▶ Problem statement
Keep the images out while you set down the data exactly.

▶ Available data

>>>

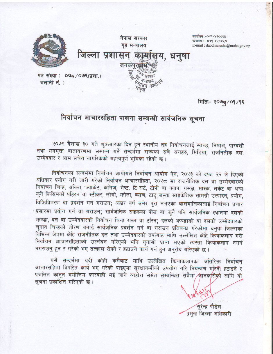 मिति २०८२/१०/२७ गते धनुषा जिल्लाको निर्वाचन क्षेत्र नं. 1, 3 र ४ मा अनुगमन गर्दा निर्वाचन आचारसंहिता विपरित चुनाव प्रचार प्रसार गरिएको पाइएकाले कारवाही गरिएको छ
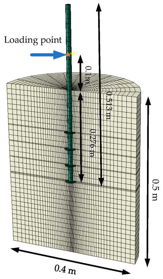 The tests conducted by Prasad [28] under horizontal loading were selected for simulation to verify the numerical analysis methods for the performance of helical piles in clay under horizontal cyclic loadings and the effectiveness of the constitutive model of the soil. The experiment consists of tests for both monotonic loadings and horizontal cyclic loadings. The length of the helical pile is 513 mm, the diameter is 13.8 mm, and it consists of four blades. The blade diameter is 30 mm, and the spacing between the blades is 49.7 mm. The helical pile was embedded with a depth of 276 mm. The clay soil has a saturated unit weight of 16.95 kN/m3 and an undrained shear strength of 10.0 kPa. The tests were carried out in a cylindrical container measuring 400 mm in diameter and 500 mm in height. The loading point was located 100 mm above the mud surface. A corresponding 3D FEM was established, as shown in Figure 5.
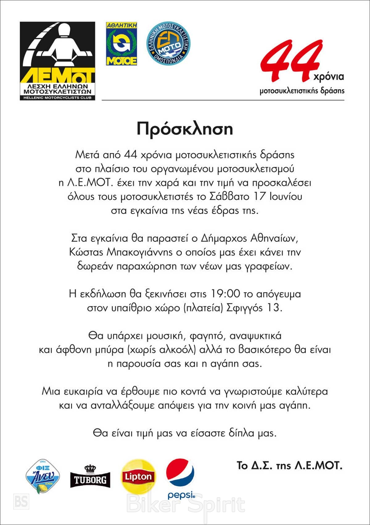 Μετά από 44 χρόνια μοτοσυκλετιστικής δράσης στο πλαίσιο του οργανωμένου μοτοσυκλετισμού η Λ.Ε.ΜΟΤ. έχει την χαρά και την τιμή να προσκαλέσει όλουs τουs μοτοσυκλετιστέs το Σάββατο 17 Ιουνίου στα εγκαίνια της νέας έδρας της.

<<<

▶ Written response
 मिति २०८२/१०/२७ गते धनुषा जिल्लाको निर्वाचन क्षेत्र नं. 1, 3 र ४ मा अनुगमन गर्दा निर्वाचन आचारसंहिता विपरित चुनाव प्रचार प्रसार गरिएको पाइएकाले कारवाही गरिएको छ
 The tests conducted by Prasad [28] under horizontal loading were selected for simulation to verify the numerical analysis methods for the performance of helical piles in clay under horizontal cyclic loadings and the effectiveness of the constitutive model of the soil. The experiment consists of tests for both monotonic loadings and horizontal cyclic loadings. The length of the helical pile is 513 mm, the diameter is 13.8 mm, and it consists of four blades. The blade diameter is 30 mm, and the spacing between the blades is 49.7 mm. The helical pile was embedded with a depth of 276 mm. The clay soil has a saturated unit weight of 16.95 kN/m3 and an undrained shear strength of 10.0 kPa. The tests were carried out in a cylindrical container measuring 400 mm in diameter and 500 mm in height. The loading point was located 100 mm above the mud surface. A corresponding 3D FEM was established, as shown in Figure 5.
 Μετά από 44 χρόνια μοτοσυκλετιστικής δράσης στο πλαίσιο του οργανωμένου μοτοσυκλετισμού η Λ.Ε.ΜΟΤ. έχει την χαρά και την τιμή να προσκαλέσει όλουs τουs μοτοσυκλετιστέs το Σάββατο 17 Ιουνίου στα εγκαίνια της νέας έδρας της.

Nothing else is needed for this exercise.